## WHAT THIS TASK INVOLVES
Copy nothing past the line containing "أعلن محافظ دير". Transcribe every line of the listing below up to and including it, from the first, except pictures.

## PROVIDED DATA
-*-
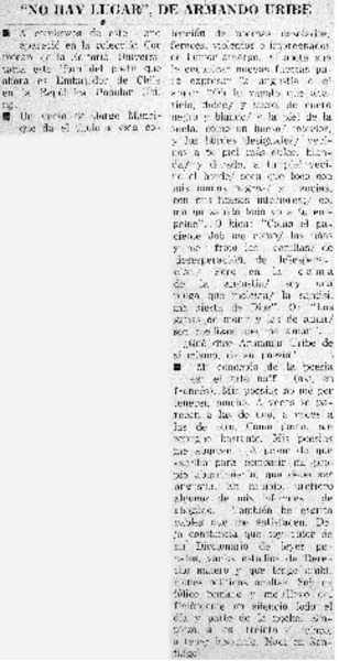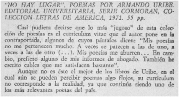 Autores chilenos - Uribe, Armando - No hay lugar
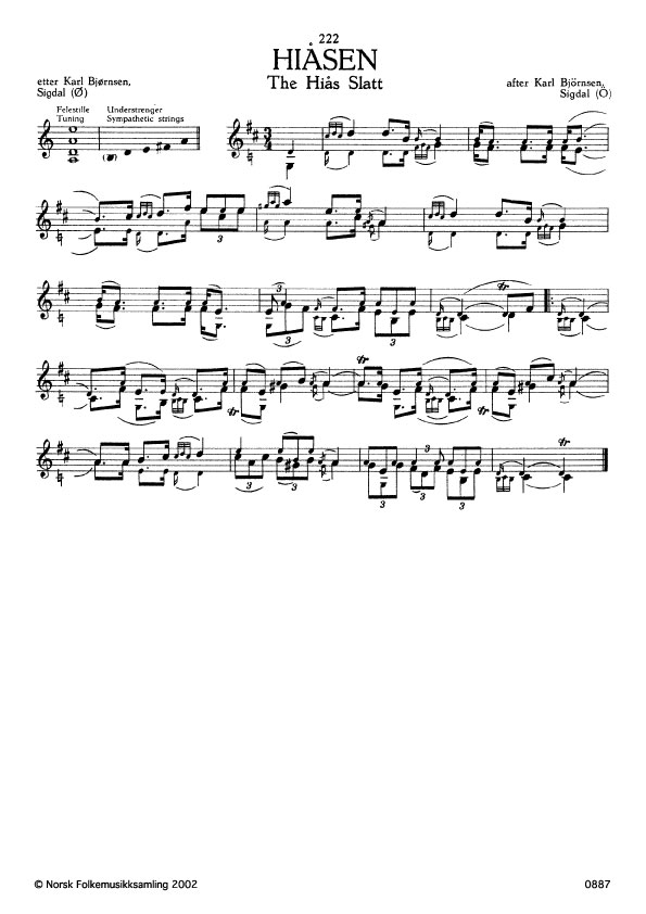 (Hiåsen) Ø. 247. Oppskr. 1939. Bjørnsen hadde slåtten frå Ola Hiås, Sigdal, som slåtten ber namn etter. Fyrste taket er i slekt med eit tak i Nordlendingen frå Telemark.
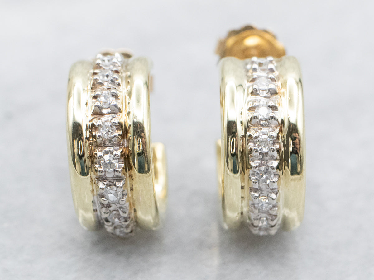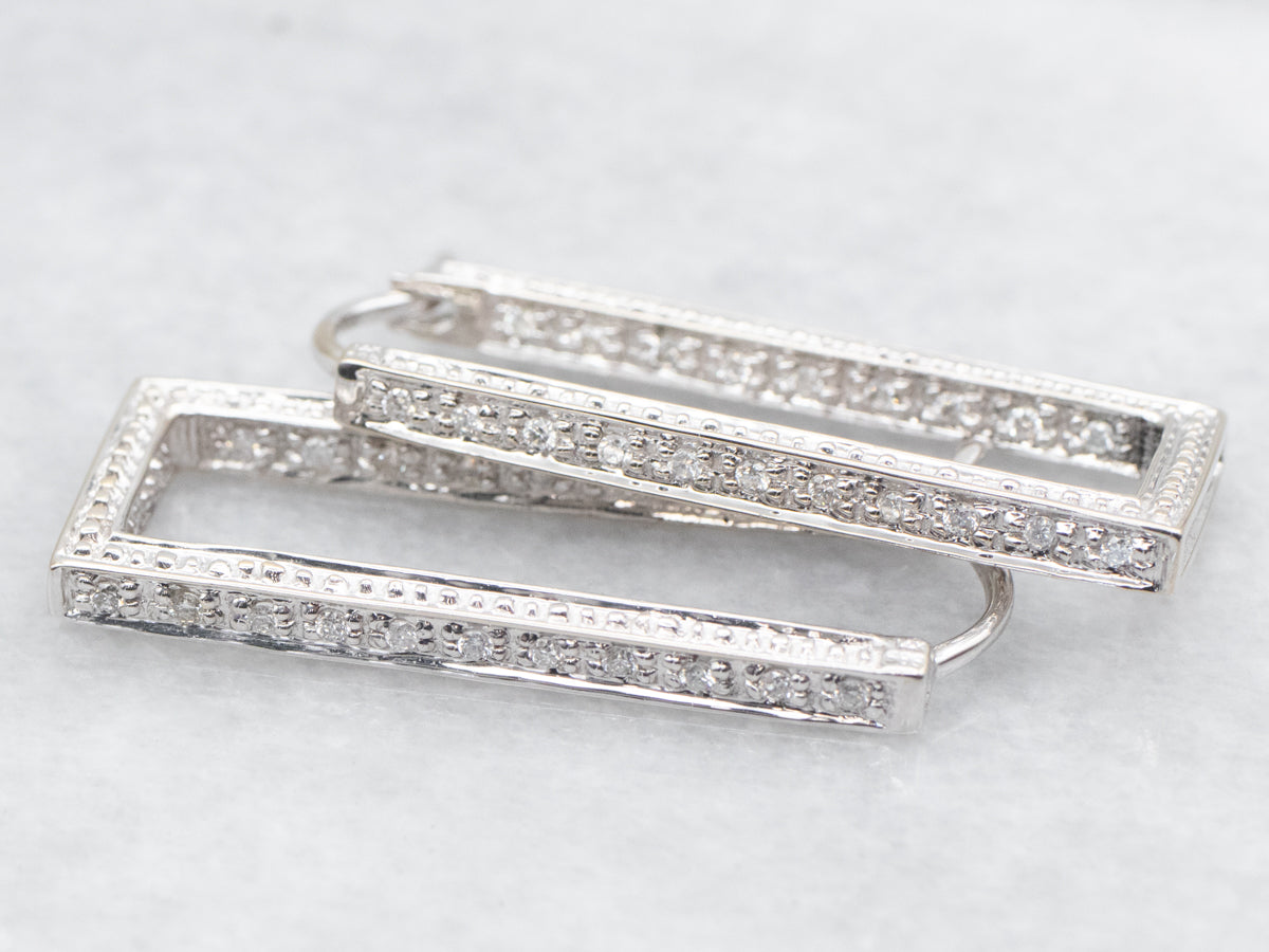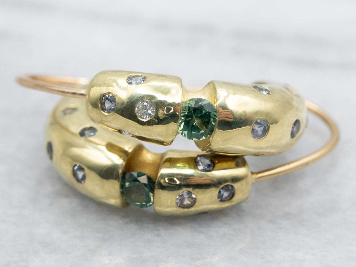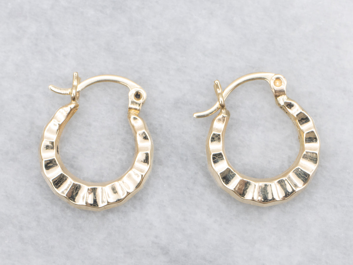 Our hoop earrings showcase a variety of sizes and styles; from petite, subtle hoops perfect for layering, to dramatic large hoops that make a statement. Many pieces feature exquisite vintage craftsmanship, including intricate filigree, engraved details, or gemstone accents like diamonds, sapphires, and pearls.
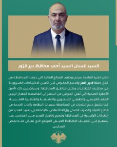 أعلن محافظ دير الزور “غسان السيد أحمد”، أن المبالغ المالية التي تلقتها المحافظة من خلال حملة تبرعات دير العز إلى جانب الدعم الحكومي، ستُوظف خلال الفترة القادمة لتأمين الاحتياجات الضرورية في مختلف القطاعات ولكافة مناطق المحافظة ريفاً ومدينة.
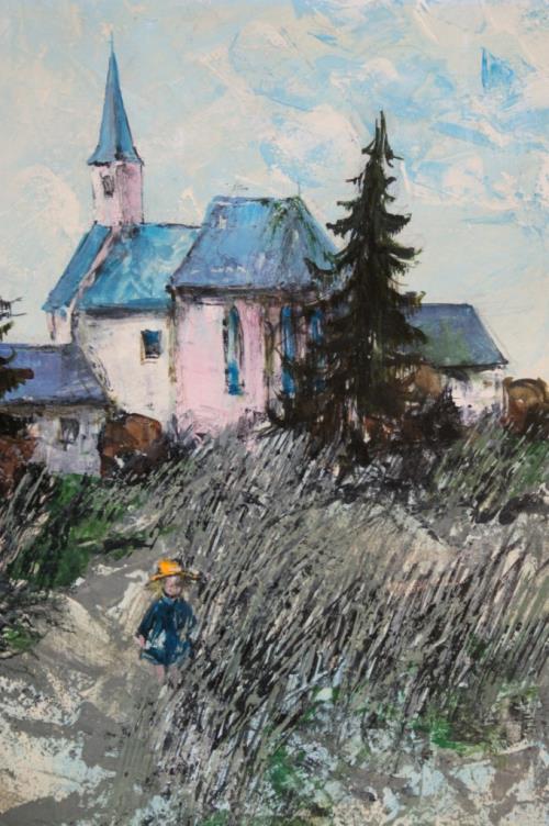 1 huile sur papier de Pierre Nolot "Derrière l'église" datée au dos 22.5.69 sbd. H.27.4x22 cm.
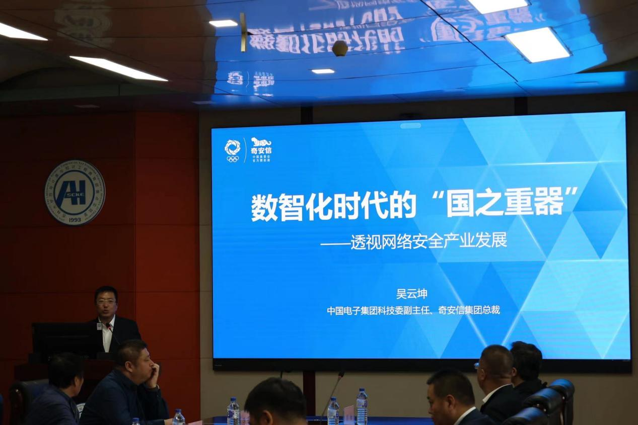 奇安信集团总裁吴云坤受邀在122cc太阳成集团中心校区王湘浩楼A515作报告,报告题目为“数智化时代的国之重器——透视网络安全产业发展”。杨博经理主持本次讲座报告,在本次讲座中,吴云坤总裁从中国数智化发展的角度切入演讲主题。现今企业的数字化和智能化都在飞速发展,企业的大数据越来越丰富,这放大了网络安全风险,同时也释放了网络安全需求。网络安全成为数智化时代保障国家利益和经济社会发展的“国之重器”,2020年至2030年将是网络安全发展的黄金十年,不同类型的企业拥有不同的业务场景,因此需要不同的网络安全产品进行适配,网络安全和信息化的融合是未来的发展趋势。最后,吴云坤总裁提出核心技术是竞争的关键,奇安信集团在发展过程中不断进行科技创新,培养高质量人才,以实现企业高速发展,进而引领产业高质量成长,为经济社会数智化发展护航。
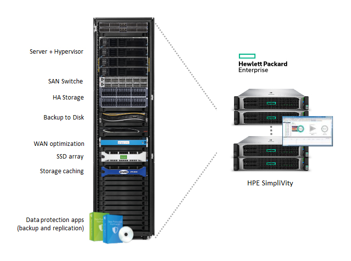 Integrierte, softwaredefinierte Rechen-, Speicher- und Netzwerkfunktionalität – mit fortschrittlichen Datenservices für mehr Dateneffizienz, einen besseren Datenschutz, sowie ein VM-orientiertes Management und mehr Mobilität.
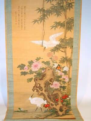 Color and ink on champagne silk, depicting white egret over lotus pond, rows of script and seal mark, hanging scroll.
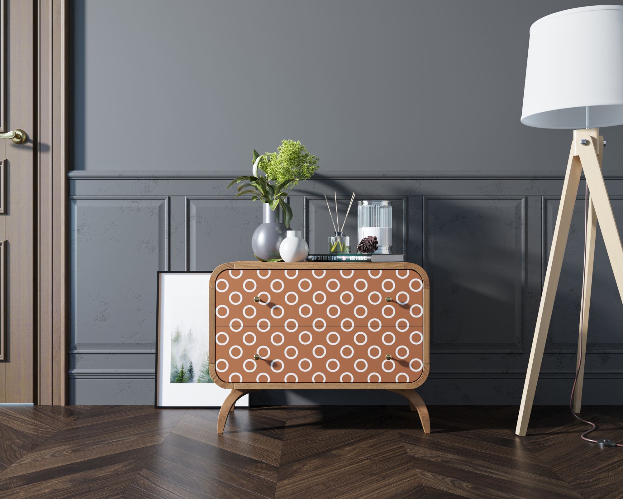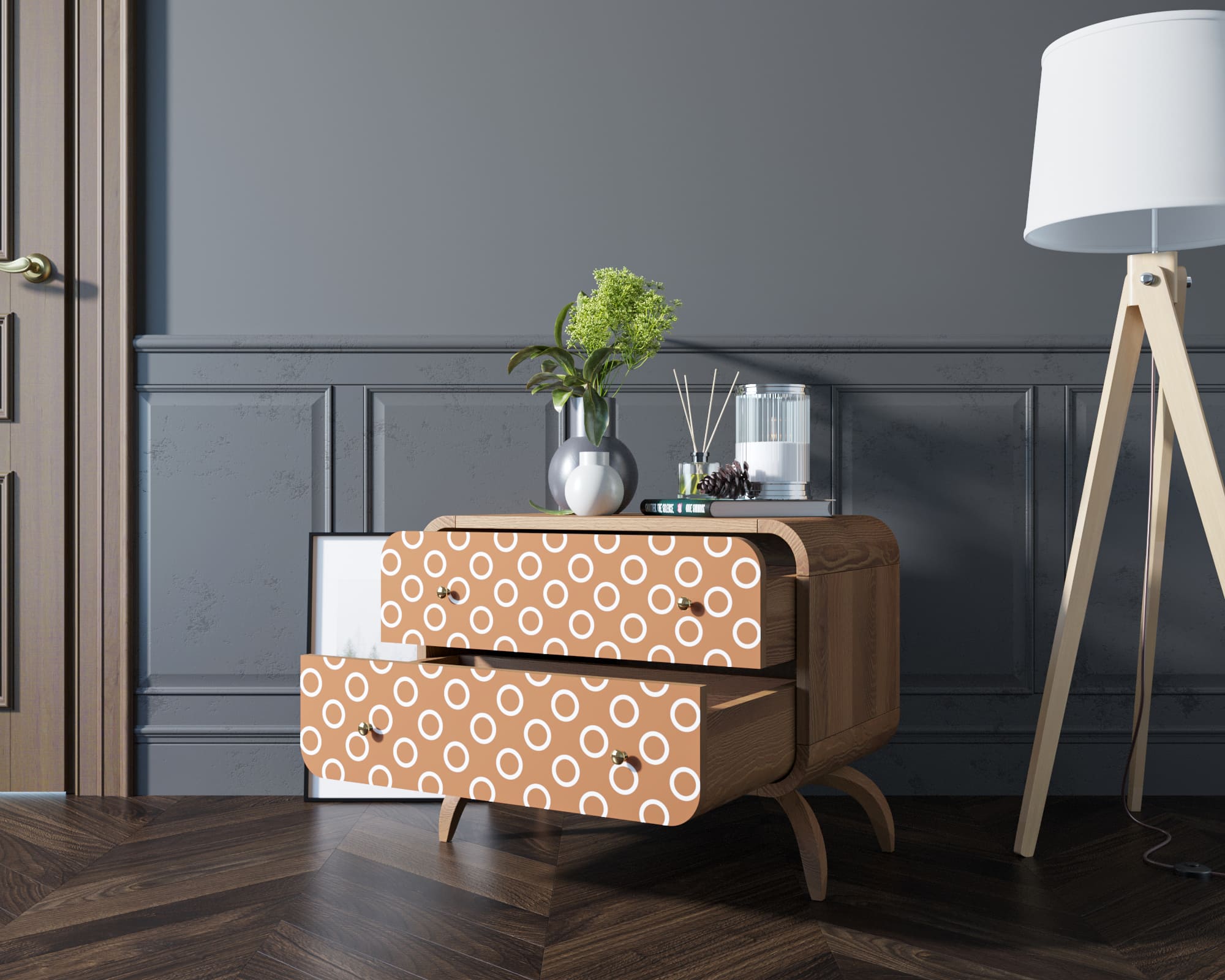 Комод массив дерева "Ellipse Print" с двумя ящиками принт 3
-*-
## WRITTEN ANSWER
 Autores chilenos - Uribe, Armando - No hay lugar
 (Hiåsen) Ø. 247. Oppskr. 1939. Bjørnsen hadde slåtten frå Ola Hiås, Sigdal, som slåtten ber namn etter. Fyrste taket er i slekt med eit tak i Nordlendingen frå Telemark.
 Our hoop earrings showcase a variety of sizes and styles; from petite, subtle hoops perfect for layering, to dramatic large hoops that make a statement. Many pieces feature exquisite vintage craftsmanship, including intricate filigree, engraved details, or gemstone accents like diamonds, sapphires, and pearls.
 أعلن محافظ دير الزور “غسان السيد أحمد”، أن المبالغ المالية التي تلقتها المحافظة من خلال حملة تبرعات دير العز إلى جانب الدعم الحكومي، ستُوظف خلال الفترة القادمة لتأمين الاحتياجات الضرورية في مختلف القطاعات ولكافة مناطق المحافظة ريفاً ومدينة.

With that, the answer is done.